E.g., if there were two reactions

  • A -> B
  • A + C --> B + D

when bound=loose, can A->B select A+C->B+D?

When bound=loose, the API should

  1. Try to find an exact match
  2. If an exact match is not found, find a reaction which has a superset of the queried reaction participants.

Even this has this problem. Consider two reactions that both have participants without InChiKeys A + B-noinchi -> C + D-noichi A + E-noinchi -> C + F-noichi

The URL for both reactions would be the same. As a result, there would be no way of always selecting the correction reaction.

Resolution

I think we need a different scheme. One option is to hash (e.g., md5) the names of metabolites that don't have inchikeys. You can add a prefix to indicate that is not an InChI key or detect that is a string is an md5 hash on the basis of using lowercase letters and numbers (unlike InChI keys which are upper case letters and dashes).

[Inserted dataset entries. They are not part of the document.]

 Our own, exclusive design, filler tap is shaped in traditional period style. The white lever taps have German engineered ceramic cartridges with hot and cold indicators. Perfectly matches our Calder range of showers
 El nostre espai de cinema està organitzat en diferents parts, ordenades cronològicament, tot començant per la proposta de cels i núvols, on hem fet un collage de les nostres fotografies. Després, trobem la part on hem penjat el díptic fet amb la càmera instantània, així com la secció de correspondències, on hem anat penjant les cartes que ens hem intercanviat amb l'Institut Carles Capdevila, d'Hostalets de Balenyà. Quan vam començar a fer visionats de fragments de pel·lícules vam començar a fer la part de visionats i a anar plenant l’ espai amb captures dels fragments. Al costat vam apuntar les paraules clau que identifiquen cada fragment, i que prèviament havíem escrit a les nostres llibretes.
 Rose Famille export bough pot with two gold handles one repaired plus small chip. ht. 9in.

At the moment bound = loose does exactly what was suggested here. You are absolutely right that imprecision exists when reactants with no inchikeys are involved. I was just hoping such cases were rare so that no conflict like the last case described here would arise.

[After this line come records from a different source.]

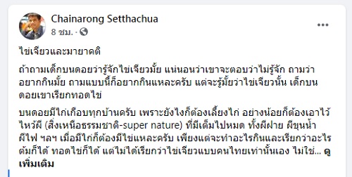 11 มกราคม 2564 นายไชยณรงค์ เศรษฐเชื้อ อาจารย์ภาควิชาสังคมวิทยาและมานุษยวิทยา คณะสังคมศาสตร์และมนุษยศาสตร์ มหาวิทยาลัยมหาสารคาม โพสต์บทความหัวข้อ “ไข่เจียวและมายาคติ” ผ่านเฟซบุ๊ก มีเนื้อหาดังนี้…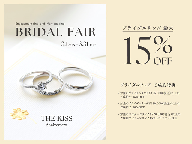 从2026年3月1日(星期日)到3月31日(星期二),我们为注册新娘戒指的客户提供丰厚福利。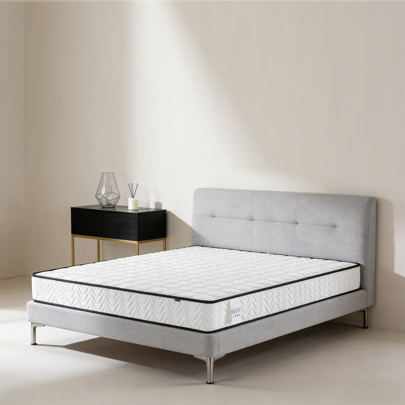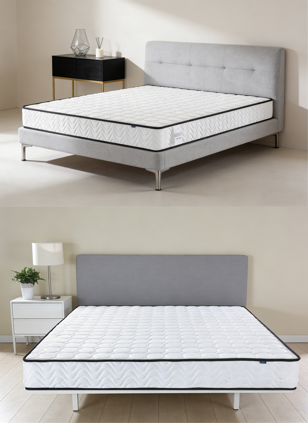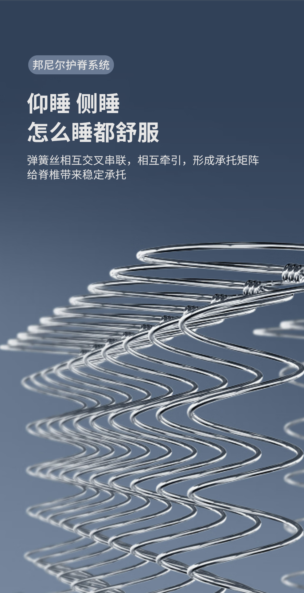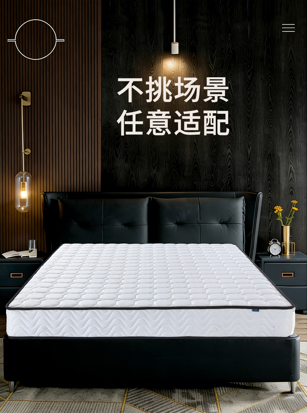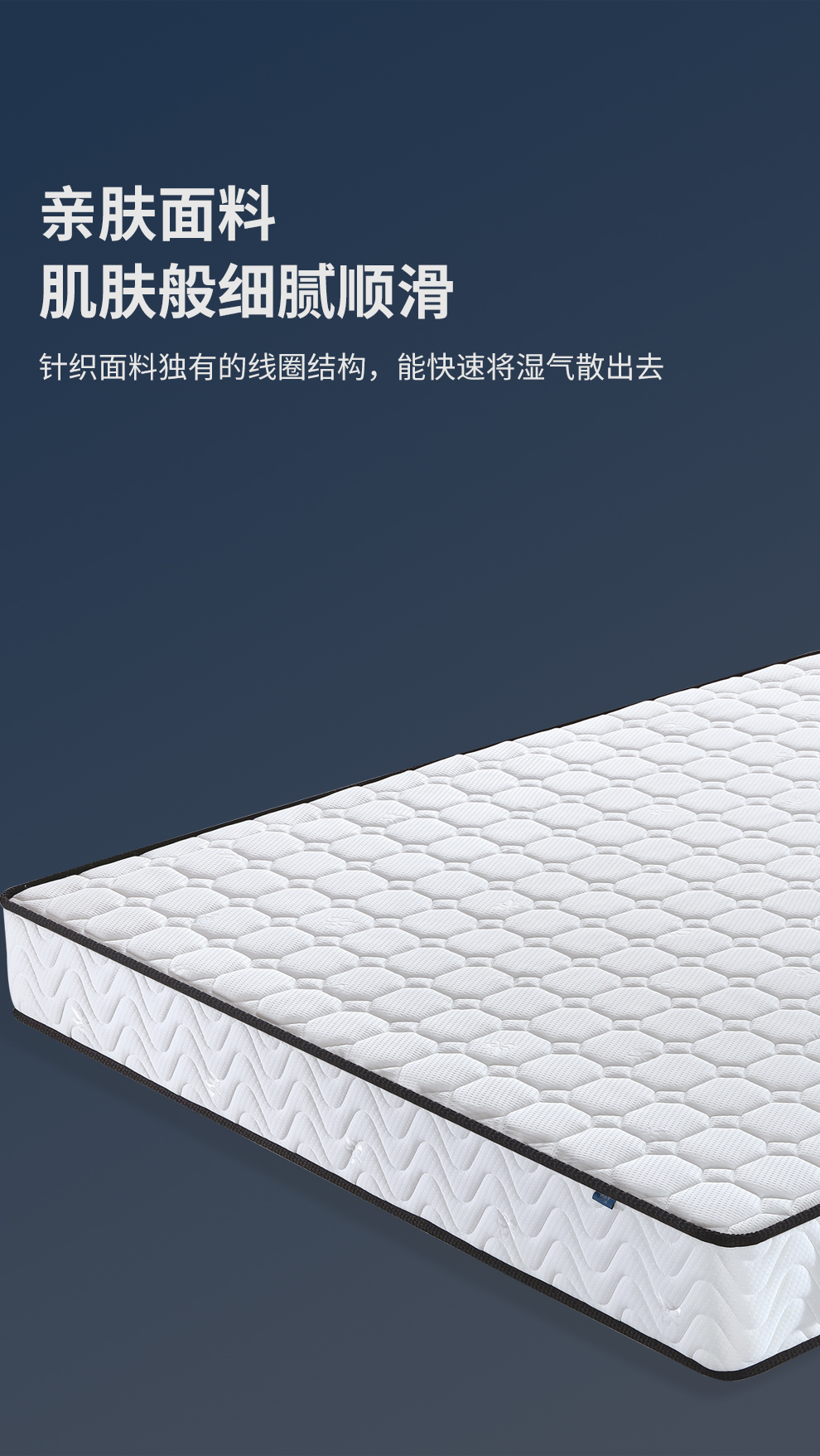 面料:高克重针织布 绗缝层:舒适海绵 支撑层:环保棕+拉丝网弹簧 侧面:针织面料复合多孔透气海绵 底面:3D网布+海棉 *不可改色改尺

Hashing is a good idea. I'll do that.

lzy7071 commented 4 years ago

The issue has been fixed. Protein-Npi-phosphohistidine---trehalose phosphotransferase does not lead to 404 anymore.

jonrkarr commented 4 years ago

There's just one issue left. The frontend also needs to generate reaction URLs for the reactions related to genes. This either one of the following

Either is fine. I tried generating the hashes. What algorithm are you using?

lzy7071 commented 4 years ago

Hash function is ripemd160. I'll add the additional info to the related_reactions endpoint.

jonrkarr commented 4 years ago

Thanks. I think its safer to pass the information to the frontend and this will make it easier for you to change this if needed.

lzy7071 commented 4 years ago

I have included reaction_participant object in the data returned.

jonrkarr commented 4 years ago

I integrated this into the frontend.